Fiscal Consolidation

According to Ggoobi, “the fiscal deficit has been reduced from 9.0% of GDP in FY2020/21 to 5.5% in FY2022/23. It is projected to reduce further to 3.8% in FY2023/24.”

The PSST attributed this to Government’s commitment to its approach of a two-pronged fiscal consolidation involving increased domestic revenue mobilization coupled with expenditure rationalization.

“The financing under the ECF backed economic program has been crucial in the maintenance of fiscal sustainability,” he said.

Continued commitment to fiscal consolidation is key to reduce financing risks and safeguard debt sustainability. Implementing the Domestic Revenue Mobilization Strategy will help secure consolidation gains and lower reliance on costly domestic and external financing.

IMF said, improving the structure of expenditures will help maintain social services and space for growth-enhancing capital expenditures, adding that addressing deficiencies in public financial management will improve budgeting and expenditure control.

Although Bank of Uganda has been proactive in addressing inflation, IMF says upside risks remain.
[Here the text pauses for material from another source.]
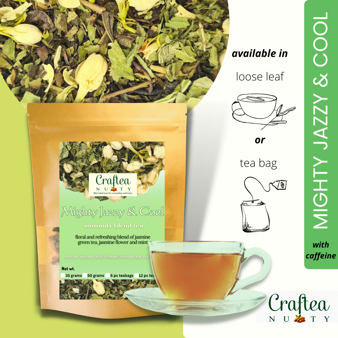 Jasmine is a highly fragrant tea variant which has an excellent antibacterial properties. It reduces joint pains and chronic discomforts. It has a calming effect on nerves. Mint is an equally aromatic herb which is great in easing bloated feeling, clears lung congestion. It also has a calming effect which relieves anxiety.

“Monetary policy should remain data dependent, loosening only as inflation risks recede, to bring core inflation back to the central bank target.”

“Pursuing fiscal consolidation and maintaining a flexible exchange rate will help rebuild international reserves to safer levels. Limiting intervention in the foreign exchange market to situations of excess volatility will also help the economy adjust to external pressures and maintain competitiveness,” Bo Li said.

Public Debt

Despite warnings from the Auditor General and the significant increase in its public debt, Uganda still secured this loan.
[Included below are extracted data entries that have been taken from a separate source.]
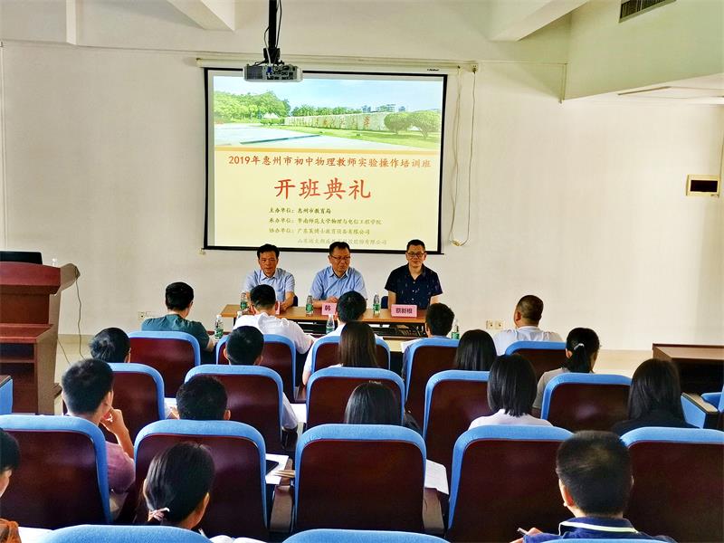 為保障初中學(xué)生實(shí)施實(shí)驗(yàn)操作考核工作順利進(jìn)行,進(jìn)一步豐富我市初中物理教師的實(shí)驗(yàn)知識(shí),提高技能操作水平,近日, 2019年惠州市初中物理實(shí)驗(yàn)操作培訓(xùn)班在華南師范大學(xué)物理與電信工程學(xué)院舉辦。來自各縣(區(qū))及市直學(xué)校的60位初中物理教研員、電教儀器站具體負(fù)責(zé)人和各學(xué)校初中物理學(xué)科科組長參加了培訓(xùn)。
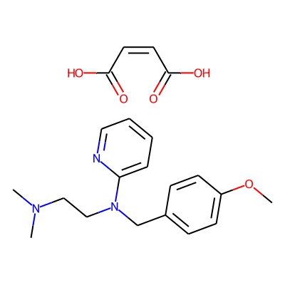 | CCSBASE_6B713E7121 | PYRILAMINE MALEATE | [M+H]+ | 286.1914 | 168.1 | CN(C)CCN(CC1=CC=C(C=C1)OC)C2=CC=CC=N2.C(=C\C(=O)O)\C(=O)O | small molecule | 1 | 7 | TW | calibrated with polyalanine and drug standards | |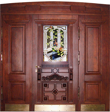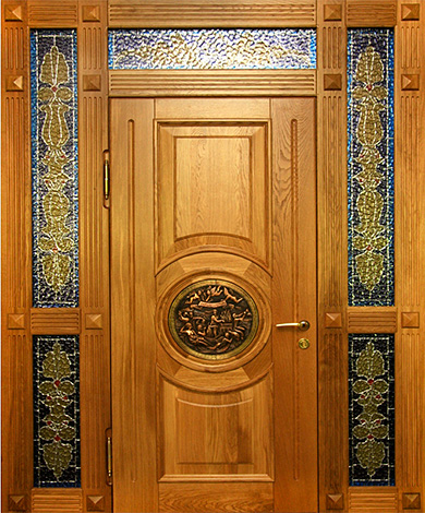 Дверь входная двухстворчатая с витражным стеклом №47

As per the Auditor General’s findings in the report for the fiscal year 2022/23, the cumulative public debt by June 30, 2023, reached a substantial figure of 96.168 trillion shillings. This sum is composed of a Domestic Debt Stock of 43.696 trillion shillings, representing 45.4%, and an External Debt Stock of 52.472 trillion shillings, accounting for 54.6%.
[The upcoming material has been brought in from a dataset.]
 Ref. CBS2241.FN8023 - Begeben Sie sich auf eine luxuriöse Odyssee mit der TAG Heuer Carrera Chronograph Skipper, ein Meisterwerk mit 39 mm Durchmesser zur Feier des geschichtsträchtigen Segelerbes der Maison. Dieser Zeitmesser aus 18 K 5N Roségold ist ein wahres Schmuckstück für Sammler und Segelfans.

Economic experts have repeatedly voiced concerns regarding the troubling pattern of Uganda’s escalating debt.

“As our debt stock is increasing, our domestic revenue is not meeting the targets, but in order for us to meet the obligations of paying debts, it is increasingly eating away on the money which would have been available for ordinary services like health, education, roads and others. That is a concern that we need to take note of,” the Programme and Policy Advisor for Civil Society Budget Advocacy Group (CSBAG), Jeff Wadulo said recently.

However, Ggoobi says Uganda’s public debt remains sustainable.

Within the span of one year (2023), Uganda’s debt surged by 9.329 trillion shillings, marking a 10.74% increase from the previous year’s debt of 86.839 trillion as of June 30, 2022. This rise is attributed to a notable expansion in government expenditure that has outpaced the collection of domestic revenue.

This indicates that Uganda’s public debt is increasing at a pace significantly exceeding the growth rate of its GDP, which expanded from 132.09 trillion shillings in the fiscal year 2018/19 to 184.895 trillion shillings in the fiscal year 2022/23.